+++ DATA SUPPLIED +++

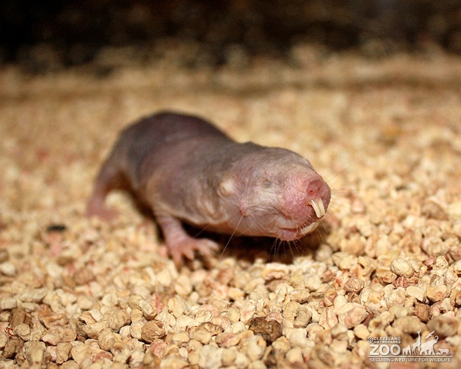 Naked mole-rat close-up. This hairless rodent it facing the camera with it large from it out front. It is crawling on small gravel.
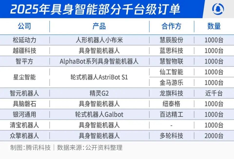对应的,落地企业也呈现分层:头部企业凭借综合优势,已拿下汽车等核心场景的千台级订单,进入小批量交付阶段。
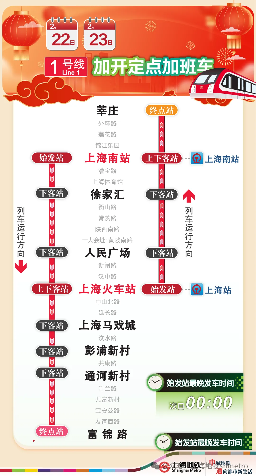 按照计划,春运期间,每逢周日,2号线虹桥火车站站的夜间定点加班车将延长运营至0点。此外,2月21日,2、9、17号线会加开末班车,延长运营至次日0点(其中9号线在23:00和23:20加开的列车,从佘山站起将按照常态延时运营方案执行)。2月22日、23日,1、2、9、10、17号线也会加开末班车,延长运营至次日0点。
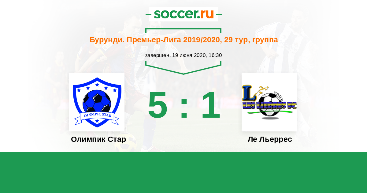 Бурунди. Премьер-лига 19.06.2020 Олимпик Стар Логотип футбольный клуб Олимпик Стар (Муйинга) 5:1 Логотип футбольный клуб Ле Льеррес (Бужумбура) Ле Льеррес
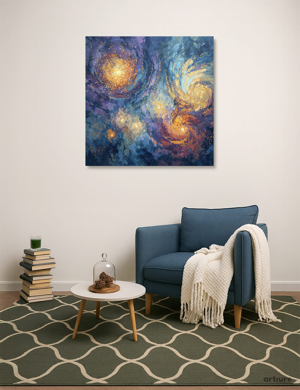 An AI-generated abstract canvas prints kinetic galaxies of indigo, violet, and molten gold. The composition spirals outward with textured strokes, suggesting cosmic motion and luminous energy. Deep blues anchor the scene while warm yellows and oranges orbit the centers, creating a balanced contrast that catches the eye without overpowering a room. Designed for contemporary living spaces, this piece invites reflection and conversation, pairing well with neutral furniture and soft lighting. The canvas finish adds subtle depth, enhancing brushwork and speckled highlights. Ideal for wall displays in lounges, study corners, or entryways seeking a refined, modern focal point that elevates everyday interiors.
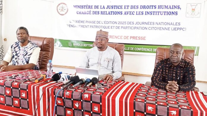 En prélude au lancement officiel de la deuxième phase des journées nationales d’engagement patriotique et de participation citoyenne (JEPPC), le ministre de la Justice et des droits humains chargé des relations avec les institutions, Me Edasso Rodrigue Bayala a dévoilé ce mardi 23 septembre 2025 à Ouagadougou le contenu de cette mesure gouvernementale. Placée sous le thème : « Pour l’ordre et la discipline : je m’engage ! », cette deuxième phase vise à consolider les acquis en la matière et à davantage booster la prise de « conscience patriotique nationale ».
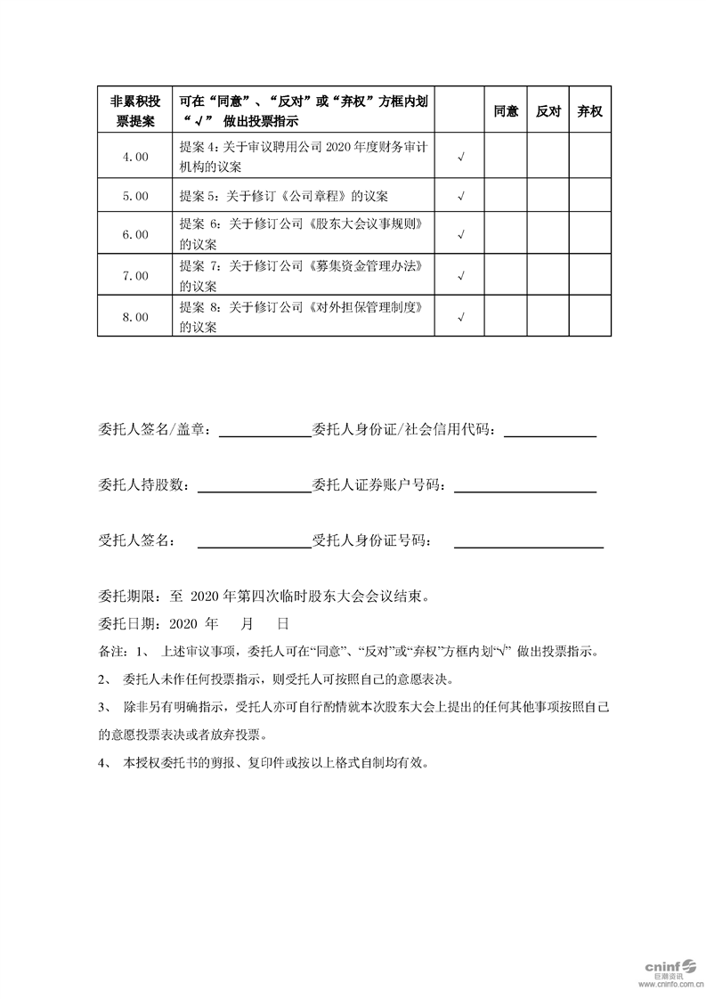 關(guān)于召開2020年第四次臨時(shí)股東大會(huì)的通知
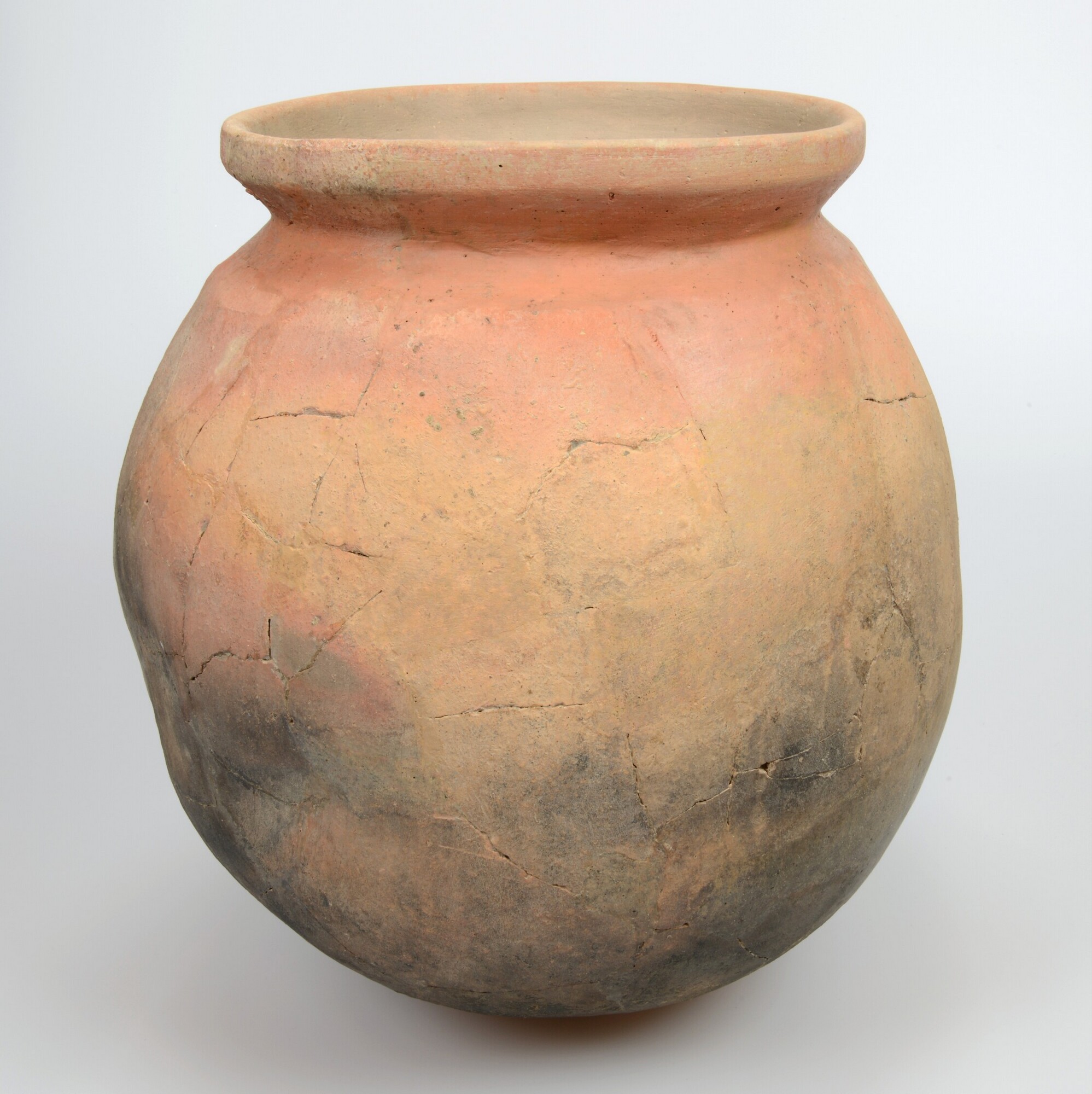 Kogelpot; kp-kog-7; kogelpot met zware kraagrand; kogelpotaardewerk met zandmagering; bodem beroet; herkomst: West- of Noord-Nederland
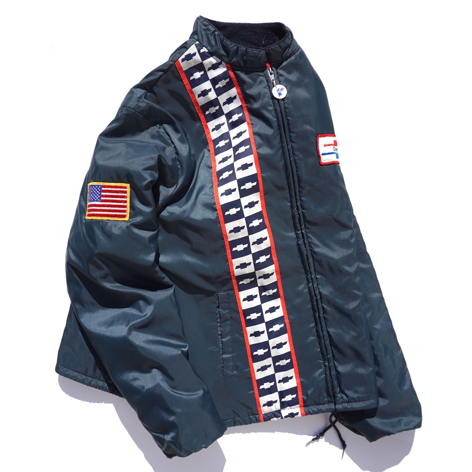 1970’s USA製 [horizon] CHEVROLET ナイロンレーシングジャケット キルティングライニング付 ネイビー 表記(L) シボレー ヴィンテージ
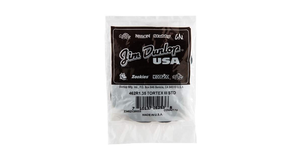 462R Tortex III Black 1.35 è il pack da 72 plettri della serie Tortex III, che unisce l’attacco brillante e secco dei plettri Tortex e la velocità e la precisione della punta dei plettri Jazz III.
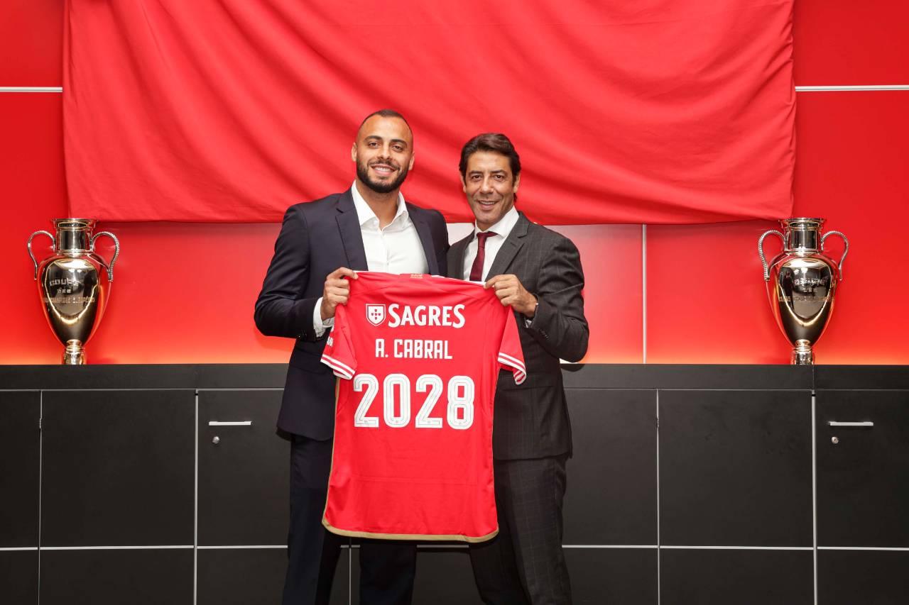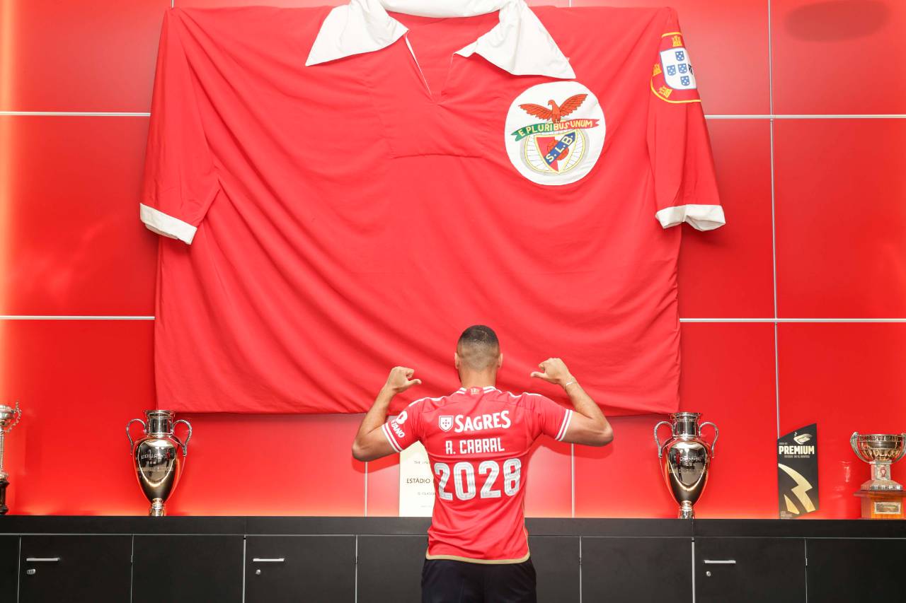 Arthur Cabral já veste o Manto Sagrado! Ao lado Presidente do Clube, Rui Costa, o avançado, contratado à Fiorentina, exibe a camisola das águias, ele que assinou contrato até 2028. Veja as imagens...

+++

--- ABOUT THIS TASK ---
In the listing above, find the line containing "对应的,落地企业也呈现分层:头部企业凭借". Output it and every line after it up to and including the line containing "Бурунди. Премьер-лига 19.06.2020", exactly, but skip the pictures.

--- SOLUTION TO THIS TASK ---
对应的,落地企业也呈现分层:头部企业凭借综合优势,已拿下汽车等核心场景的千台级订单,进入小批量交付阶段。
 按照计划,春运期间,每逢周日,2号线虹桥火车站站的夜间定点加班车将延长运营至0点。此外,2月21日,2、9、17号线会加开末班车,延长运营至次日0点(其中9号线在23:00和23:20加开的列车,从佘山站起将按照常态延时运营方案执行)。2月22日、23日,1、2、9、10、17号线也会加开末班车,延长运营至次日0点。
 Бурунди. Премьер-лига 19.06.2020 Олимпик Стар Логотип футбольный клуб Олимпик Стар (Муйинга) 5:1 Логотип футбольный клуб Ле Льеррес (Бужумбура) Ле Льеррес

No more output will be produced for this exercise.